Scotland’s most senior prosecutor should urgently order an investigation into the sudden death of Demi Hannaway in 2021, according to a cold case specialist.

Gerry Gallacher, who helped identify Emma Caldwell’s killer 10 years after her unsolved murder, urged the Lord Advocate to trigger a police inquiry into Demi’s death.

Dorothy Bain, Scotland’s most senior prosecutor, will meet Demi’s parents, Helen and John, on Friday and, Gallacher said, should use the meeting to confirm an inquiry into their daughter’s death.

© Supplied
Demi and sister Caitlin.

Officers almost immediately decided she had taken her own life at her home in Airdrie in May 2021 after accepting the account of her partner, Andrew Brown, despite his documented history of domestic violence and a series of other red flags.

Gallacher, a former police detective, helped expose Iain Packer as a forgotten suspect in the Emma Caldwell murder inquiry in 2015, 10 years after her death.

Packer was finally convicted of her murder and 32 other offences, including 11 rapes, involving 21 other women, last year.
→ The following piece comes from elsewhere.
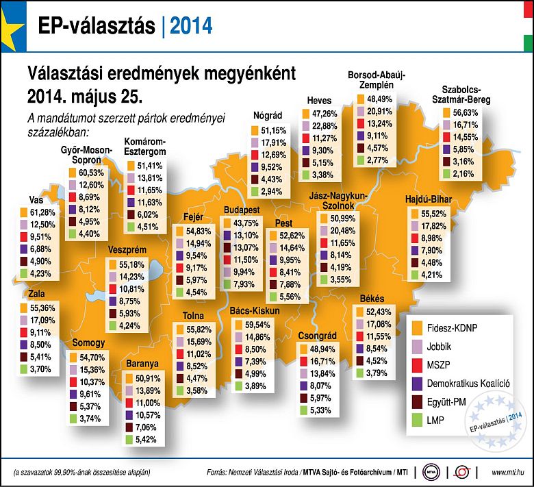 A vasárnapi európai parlamenti (EP-) választáson, a Nemzeti Választási Iroda előzetes adatai szerint, a szavazatok 99,99 százalékának összeszámlálása után a FIDESZ-KDNP a szavazatok 51,49 százalékát, a JOBBIK 14,68 százalékát, az MSZP 10,92 százalékát, a DEMOKRATIKUS KOALÍCIÓ 9,76 százalékát, az EGYÜTT-PM 7,22 százalékát, az LMP pedig 5,01 százalékát szerezte meg.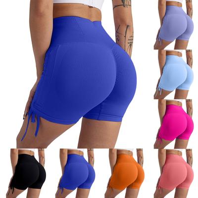 Women's Fashion Solid Color Wrinkled Hip Lifting Yoga Shorts Quick Drying Breathable Sports Fitness Tight High Waist Three Part Yoga Shorts

‘Demi and her family have been failed’

After reviewing the circumstances of Demi’s death, the statements of Demi’s parents, and their formal complaint to Police Scotland detailing 32 alleged failures in officers’ response, Gallacher believes an investigation must be ordered immediately.

He said: “Demi Hannaway died almost four years ago and the investigation into her death was so clearly inadequate that no more time is needed to begin a proper inquiry.

“Demi’s parents’ concerns about the failures of officers responding to their daughter’s death are detailed, clear and, seem to me, justified.

“Demi and her family have been failed and her death demands serious and urgent investigation, albeit four years late.”

Gallacher said the actions of officers arriving at Demi’s home on the morning of May 13, 2021 are bewildering.

Demi’s parents John and Helen Simpson at home in Airdrie. © Andrew Cawley
Demi’s parents John and Helen Simpson at home in Airdrie.

He said: “Those officers had only one job, to protect the scene of Demi’s death until satisfied no crime had been committed.

“It should by now go without saying that the sudden death of any young woman in her home when she had been alone with her partner demands investigation.

“Police know this and officers are told nothing should be assumed when responding to such deaths and the location must be secured as a potential crime scene.

“Officers’ failure to do so and their willingness to immediately accept the account of Demi’s death given by a partner with a history of violence against her seem hard to understand.

“The first response officers failed to do their job but so too did their superiors. Checks and balances are built into procedures to help ensure critical decisions are questioned and reviewed.

“Where were those checks and balances that morning and in the days that followed?

“When did they realise Demi’s partner had a history of abuse and why, at that point, did someone not press pause and ask for officers to regroup and reassess?”.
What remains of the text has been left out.